++++ Dataset excerpts

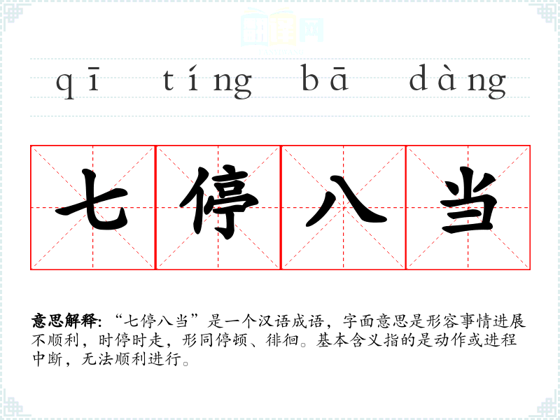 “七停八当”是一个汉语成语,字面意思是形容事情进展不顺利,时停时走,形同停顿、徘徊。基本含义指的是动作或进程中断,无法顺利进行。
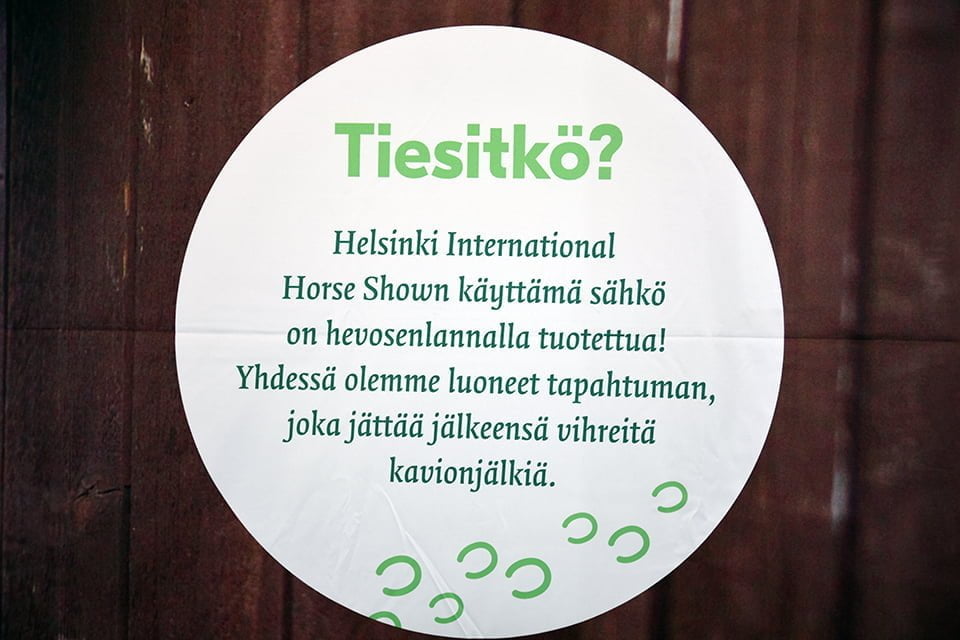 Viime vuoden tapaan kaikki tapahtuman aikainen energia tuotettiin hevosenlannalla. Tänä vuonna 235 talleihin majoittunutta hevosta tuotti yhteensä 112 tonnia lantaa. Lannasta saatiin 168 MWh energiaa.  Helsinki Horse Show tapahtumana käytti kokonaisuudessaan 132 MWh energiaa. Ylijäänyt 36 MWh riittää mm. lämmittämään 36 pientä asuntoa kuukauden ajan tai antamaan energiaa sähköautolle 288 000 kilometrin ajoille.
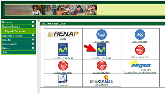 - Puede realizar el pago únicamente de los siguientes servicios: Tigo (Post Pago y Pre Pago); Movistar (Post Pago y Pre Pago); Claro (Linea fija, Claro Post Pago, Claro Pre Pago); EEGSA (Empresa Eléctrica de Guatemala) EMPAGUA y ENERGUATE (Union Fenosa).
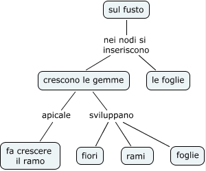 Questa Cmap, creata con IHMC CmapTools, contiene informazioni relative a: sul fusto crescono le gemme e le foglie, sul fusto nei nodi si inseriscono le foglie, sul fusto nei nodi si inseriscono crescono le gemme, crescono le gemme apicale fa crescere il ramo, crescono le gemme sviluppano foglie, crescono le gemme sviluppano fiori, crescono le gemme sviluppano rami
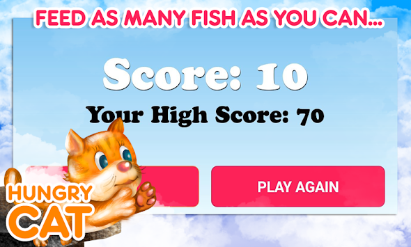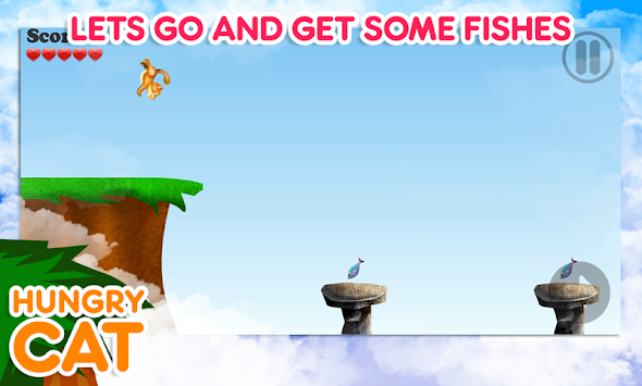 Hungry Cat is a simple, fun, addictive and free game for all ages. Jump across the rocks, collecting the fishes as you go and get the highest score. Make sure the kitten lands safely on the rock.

++++++++
++++ Dataset excerpts

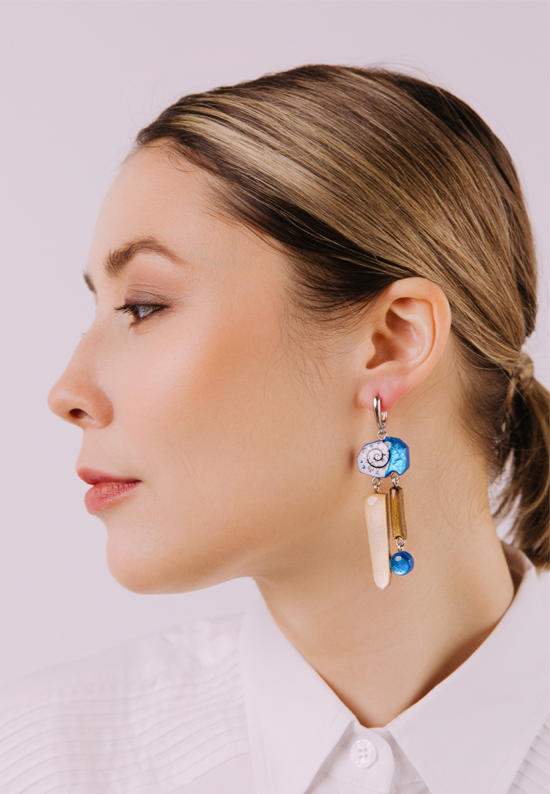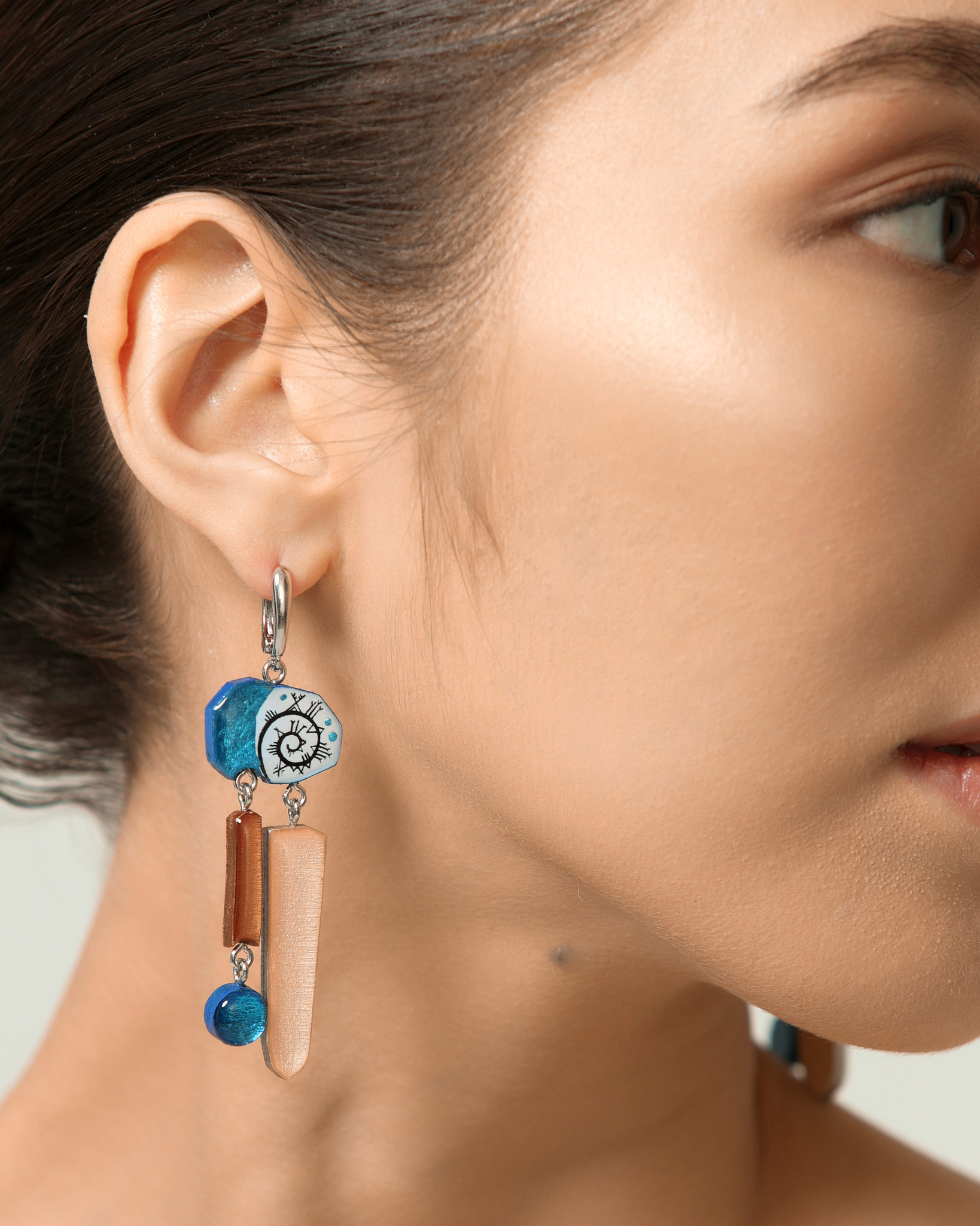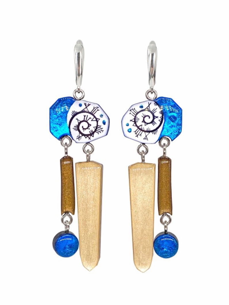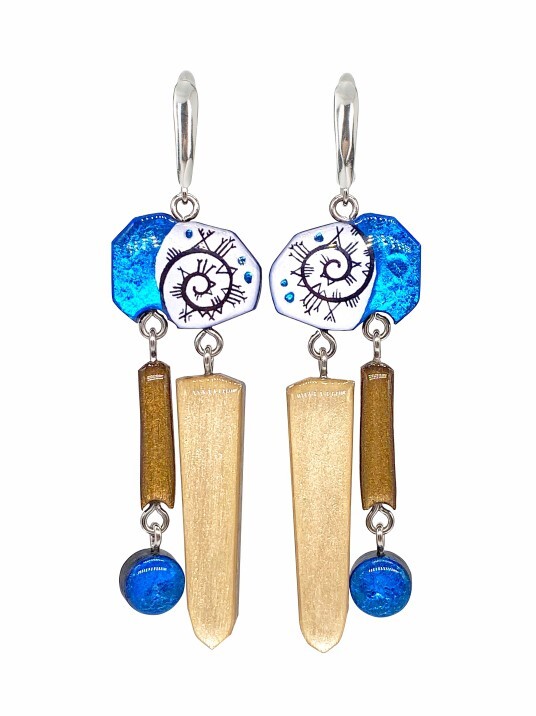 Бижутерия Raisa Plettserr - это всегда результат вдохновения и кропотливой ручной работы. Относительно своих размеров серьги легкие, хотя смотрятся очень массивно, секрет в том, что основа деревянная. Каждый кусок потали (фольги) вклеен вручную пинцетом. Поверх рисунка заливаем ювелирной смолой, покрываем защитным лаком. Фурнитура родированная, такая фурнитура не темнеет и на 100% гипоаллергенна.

++++++++

## Task to complete
Please print the lines above word for word, starting at the one with "Viime vuoden tapaan" and ending at the one with "Hungry Cat is", both included, and without any picture.

## Answer section
 Viime vuoden tapaan kaikki tapahtuman aikainen energia tuotettiin hevosenlannalla. Tänä vuonna 235 talleihin majoittunutta hevosta tuotti yhteensä 112 tonnia lantaa. Lannasta saatiin 168 MWh energiaa.  Helsinki Horse Show tapahtumana käytti kokonaisuudessaan 132 MWh energiaa. Ylijäänyt 36 MWh riittää mm. lämmittämään 36 pientä asuntoa kuukauden ajan tai antamaan energiaa sähköautolle 288 000 kilometrin ajoille.
 - Puede realizar el pago únicamente de los siguientes servicios: Tigo (Post Pago y Pre Pago); Movistar (Post Pago y Pre Pago); Claro (Linea fija, Claro Post Pago, Claro Pre Pago); EEGSA (Empresa Eléctrica de Guatemala) EMPAGUA y ENERGUATE (Union Fenosa).
 Questa Cmap, creata con IHMC CmapTools, contiene informazioni relative a: sul fusto crescono le gemme e le foglie, sul fusto nei nodi si inseriscono le foglie, sul fusto nei nodi si inseriscono crescono le gemme, crescono le gemme apicale fa crescere il ramo, crescono le gemme sviluppano foglie, crescono le gemme sviluppano fiori, crescono le gemme sviluppano rami
 Hungry Cat is a simple, fun, addictive and free game for all ages. Jump across the rocks, collecting the fishes as you go and get the highest score. Make sure the kitten lands safely on the rock.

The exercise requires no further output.